Avec « Une partie de chasse »,
Agnès DESARTHE nous donne à lire un livre peu commun.
Le récit s'ouvre sur le point de vue du
lièvre, lièvre qui est le fil rouge de ce court roman. Il sort de son terrier
et se prend une balle près de l'oeil, mais qui l'érafle seulement. Le chasseur
qui récupère l'infortuné, c'est Tristan. Tristan n'est pas un chasseur, c'est
une pièce rapportée, complètement inadapté à la situation, le jeune n'a jamais
tué et ne le souhaite pas. Il a bien du mal à comprendre le jeu social d'une
bande de potes munis d'un thermos de café fort qui tirent sur tout ce qui
bouge, volatile ou animal à poils.
Mais alors pourquoi s'est-il joint à cette
sortie ? La faute d'Emma sa compagne, qui souhaite qu'il s'intègre aux
autres hommes du village. Tristan n'est vraiment pas motivé.
Le groupe qu'il rejoint se compose de trois
trublions : Dumestre, Farnèse et Peretti. Tristan n'a de cesse de cacher
le lièvre dans sa gibecière afin de le préserver, dans l'idée de le relâcher
plus tard quand il sera tranquille. Pendant ce temps, ça tire des perdrix.

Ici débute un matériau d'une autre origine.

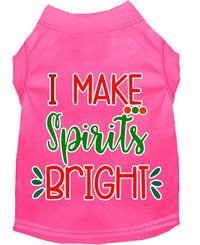Christmas Pet Dog & Cat Shirt Screen Printed, "I Make Spirits Bright" Bright Pink MD (6-10 lbs.)
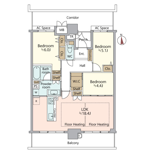 ゆとりある3LDKを、さらに暮らしやすくするのが収納計画。各居室に収納を備え、加えてファミリークローゼットとなるWICも確保。買い置きや日用品、季節ごとのお布団などの置き場があるだけで、居室や廊下に物があふれにくくなります。
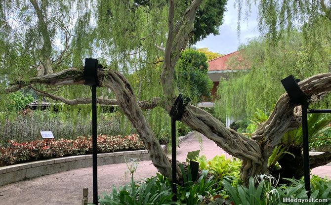 It was chosen as Singapore’s national flower in 1981 from among 40 flowers for its vibrant colours, hardiness and resilience. The Vanda “Miss Joaquim” blooms throughout the year and you can find a collection of them beside a Weeping Willow.
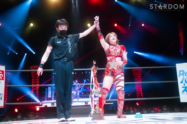 朱里「今日、来てくれたみなさん、そして、ペイパービューご覧のみなさん、本当にありがとうございました! いろんなことがあるこの世の中、こうやってスターダムを見て、あしたの元気とか何かパワーになってもらえたらなと思ってます。私も皆さんからものすごくパワーをもらってます! これからも、一緒に、スターダムを盛り上げてください! それでは皆さん、またお会いしましょう。みんなサラマポ! ありがとうございました!」

Jusqu'au drame : Dumestre tombe dans un trou, et ne peut plus bouger. D'un
commun accord, Farnèse et Peretti se taillent pour aller chercher des secours,
là où ils sont, aucun réseau téléphonique. Tristan veille le blessé tout en
cherchant à le mettre à l'abri car au loin, la tempête gronde et elle s'annonce
dévastatrice.
C'est la tempête à tous les niveaux :
dans la « relation » Dumestre/Tristan, au petit village, dévasté par
des trombes d'eau, dans la tête d'Emma qui pressent qu'elle a fait une grosse
boulette, dans l'équipée du retour vers le village pour trouver du secours.

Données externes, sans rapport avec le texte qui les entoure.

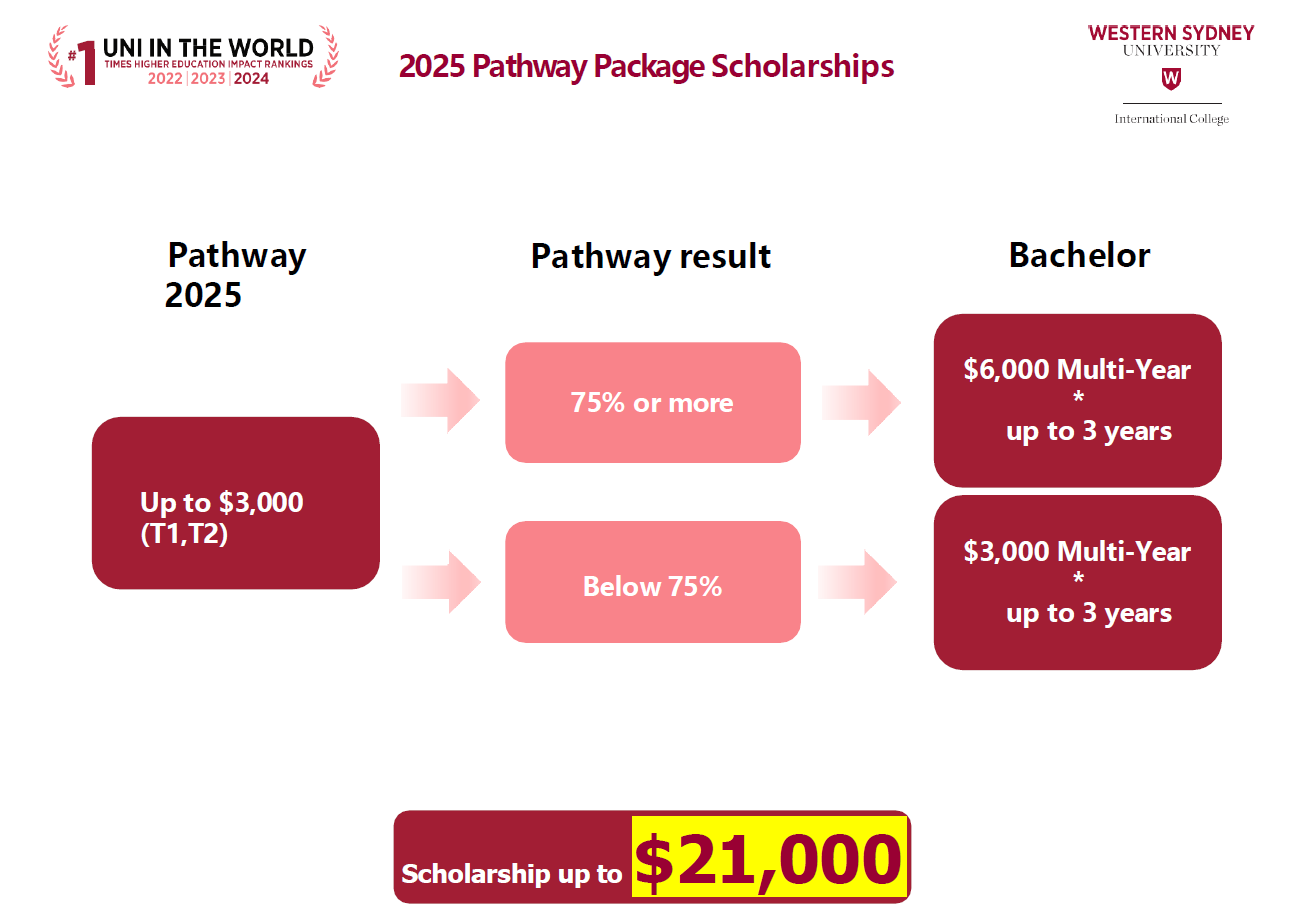- Học bổng chuyển tiếp lên Cử nhân: Từ 3,000 AUD đến 6,000 AUD/năm, xét theo thành tích học tập.
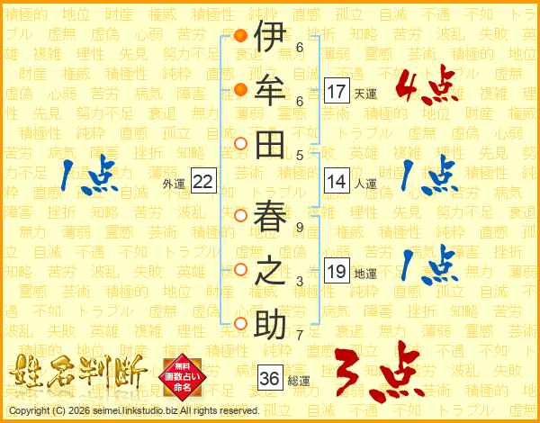 伊(6画)牟(6画)田(5画) 春(9画)之(3画)助(7画)

Tristan tue le temps en racontant une
histoire à Dumestre qui lui réclame (comme il lui réclame de le faire pisser,
passage très malsain quand on connaît l'intégralité du tableau). Tristan parle
de lui, de sa mère dysfonctionnelle, de son premier émoi amoureux, Astre, une
cousine. De sa rencontre avec Emma et de leur vie, contre vents et marées, dans
une bicoque qui prend l'eau de toute part (un peu à l'image de leur relation).
Dumestre racontera aussi, et ça, Tristan s'en serait bien passé.
Tristan est le seul du groupe à être désigné
par son prénom, et pas par son nom de famille, signe explicite du clivage qui
existe entre lui, jeune homme presque niais, inadapté, lunaire même et les
chasseurs, virils et terre-à-terre. Ce sentiment est renforcé par le dialogue
continu qu'il entretient avec le lièvre tout au long du récit, qui lui sert
presque de confident et de conseiller, à la Jiminy Cricket.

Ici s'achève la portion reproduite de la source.